● WHAT IS BEING ASKED: Nothing but the lines from the one showing "①測試探頭 ②接地保護端 ③地端" through the final line of the data below belongs in the answer, duplicated exactly and without pictures.

● DATA FOR REVIEW:
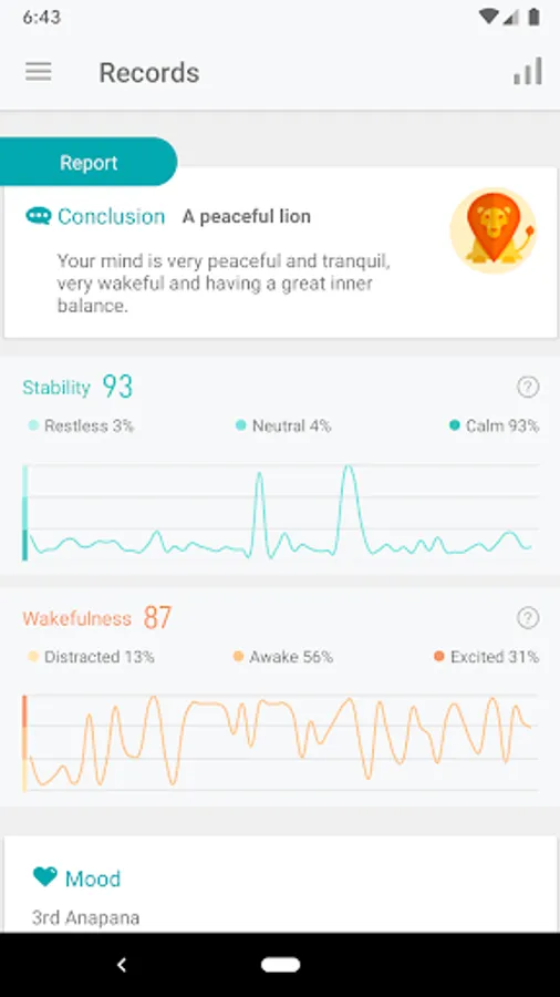 Bhavana works with a EEG device to help monitor your inner calmness and awareness. The app has a built in neurofeedback feature which enables you to monitor your mind in real-time, providing a warning mechanism when the mind becomes agitated or losing focus. Brainwave analysis and statistical charts are provided in the app to reflect your mental conditions over a period of time.
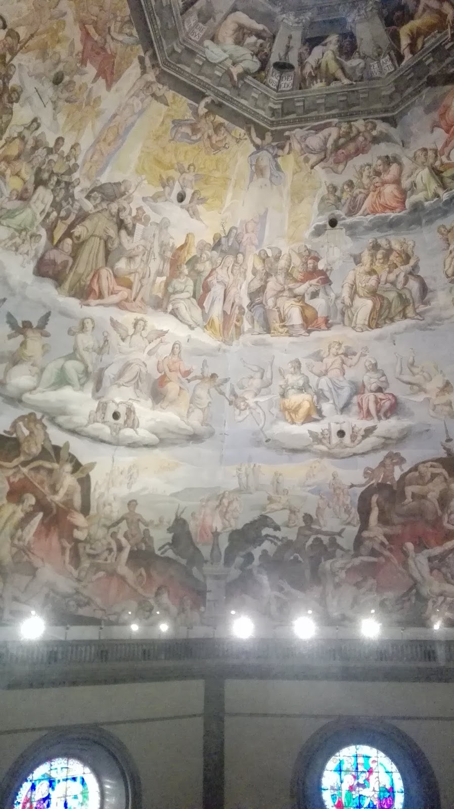 Po południu czekały na mnie kolejne 463 schodki prowadzące na katedralną kopułę – wyjątkowej urody dzieło Filippo Brunelleschiego, widoczne z każdego miejsca w mieście, jego znak rozpoznawczy. Byłam bardzo ciekawa, jak wygląda panorama Florencji bez widocznej kopuły. Podobnie jak przy wchodzeniu na dzwonnicę, tutaj też nie trzeba pokonywać całej „trasy” na raz, ale można złapać oddech, kiedy poczujemy się zmęczeni. Żałuję tylko, że nie mogłam wystarczająco czasu spędzić wewnątrz kopuły, żeby podziwiać niezwykłe freski. W biegu też nie da się uwiecznić tego wszystkiego na zdjęciu, tak jak należy 😉. Jeśli mogę coś doradzić, to proponuję ubrać się wygodnie i mieć dwie wolne ręce, zwłaszcza na ostatnim etapie wspinaczki, kiedy trzeba pokonać dość wysokie stopnie i niemal wciągnąć się po poręczy. Mnie długa sukienka, kurtka trzymana w dłoni i torba przewieszona przez ramię nie ułatwiły tego zadania 😉. Przyznam, że oglądanie panoramy z tego miejsca, mimo pięknego widoku, nie jest przyjemnością dla kogoś, kto cierpi na lęk wysokości. I chociaż rozpościeraała się przede mną Florencja, skąpana w świetle zachodzącego powoli słońca, byłam w stanie zrobić tylko kilka zdjęć i szybko zeszłam na dół. Pewnie zdziwicie się, czemu nie uciekłam tak szybko z wieży, ale stałam tam jak urzeczona i niechętnie wracałam. Otóż stojąc na górze kopuły, stałam na marmurowym podłożu, z dość niską barierką. Bujna wyobraźnia podpowiadała mi obrazy, w których ślizgam się i wypadam na zewnątrz. Dodajcie do tego wiatr. Zabezpieczenia na dzwonnicy wzbudzały we mnie większe poczucie bezpieczeństwa.
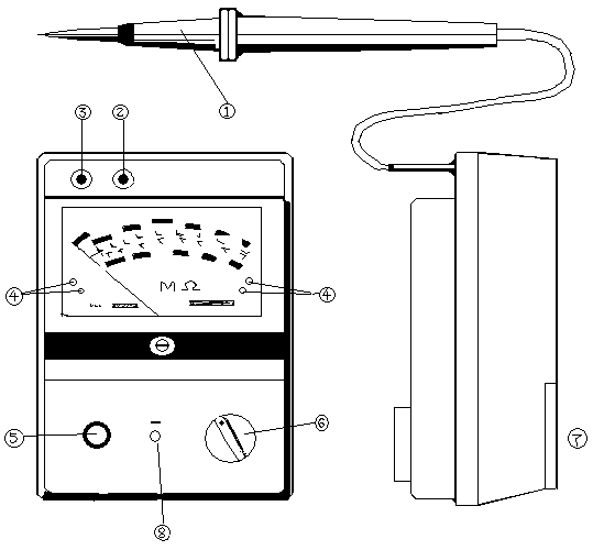 ①測試探頭 ②接地保護端 ③地端 ④指示高低范圍發(fā)光二極管 ⑤測試按鈕⑥功能開關(guān) ⑦電池蓋板 ⑧充電型直流電源插孔(500V,1000V,2500V,3檔電壓型 此處為電池檢測不是電源插孔)
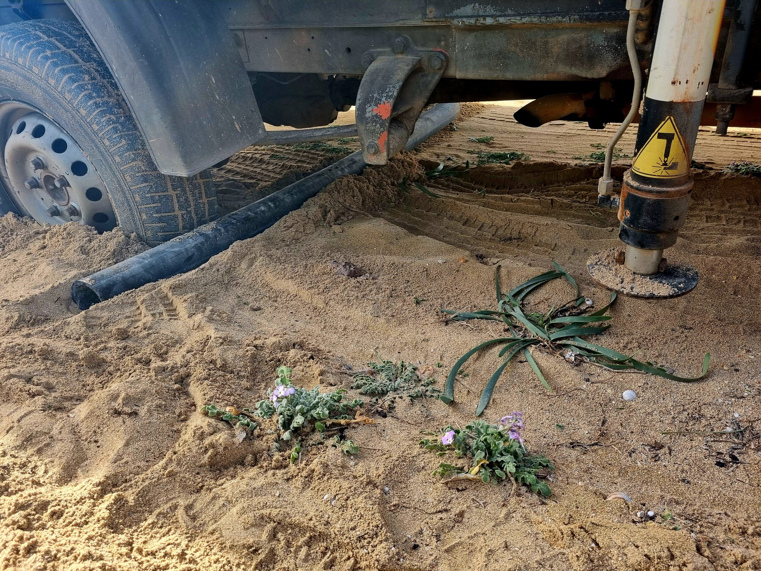 Όχημα εργολάβου πάνω σε κρινάκια και άλλα φυτά
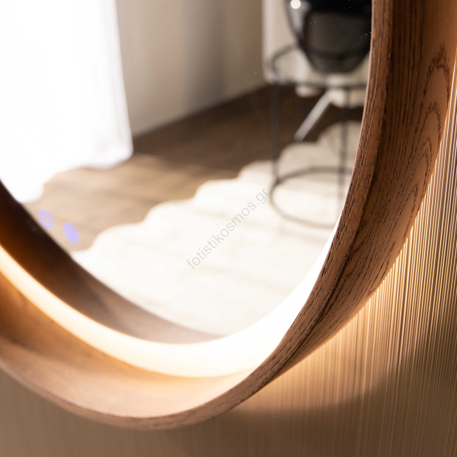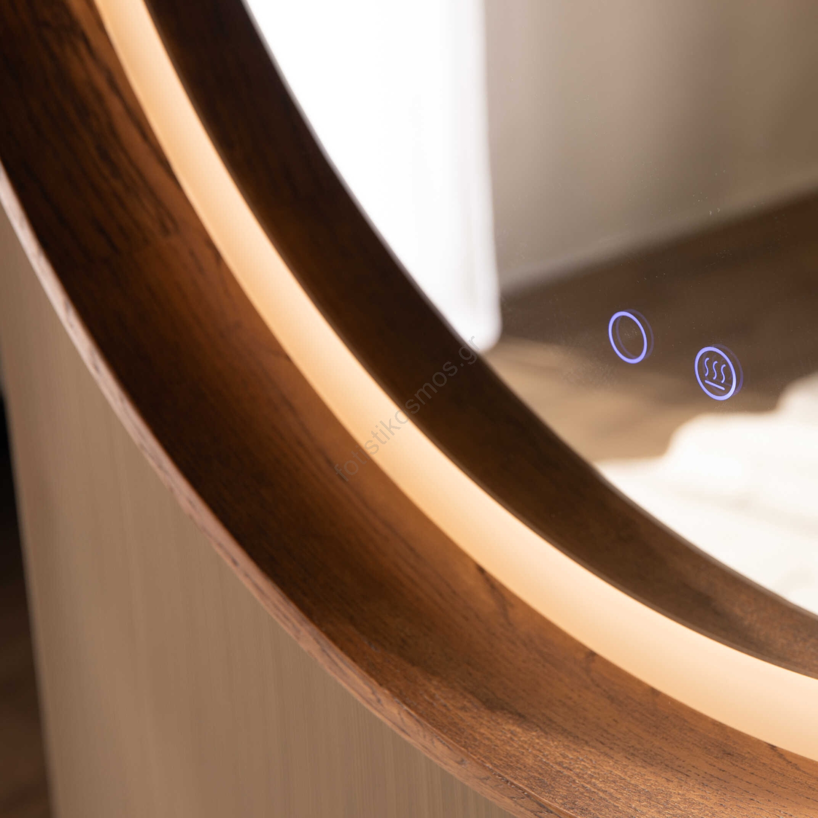 Zuma Line - Επιτοίχιος θερμαινόμενος καθρέφτης μπάνιου με ενσωματωμένο LED/36W/230V 3000/4000/6000K Ø 80 cm IP44 σε απόχρωση δρυός

● SOLUTION TO THIS PROBLEM:
 ①測試探頭 ②接地保護端 ③地端 ④指示高低范圍發(fā)光二極管 ⑤測試按鈕⑥功能開關(guān) ⑦電池蓋板 ⑧充電型直流電源插孔(500V,1000V,2500V,3檔電壓型 此處為電池檢測不是電源插孔)
 Όχημα εργολάβου πάνω σε κρινάκια και άλλα φυτά
 Zuma Line - Επιτοίχιος θερμαινόμενος καθρέφτης μπάνιου με ενσωματωμένο LED/36W/230V 3000/4000/6000K Ø 80 cm IP44 σε απόχρωση δρυός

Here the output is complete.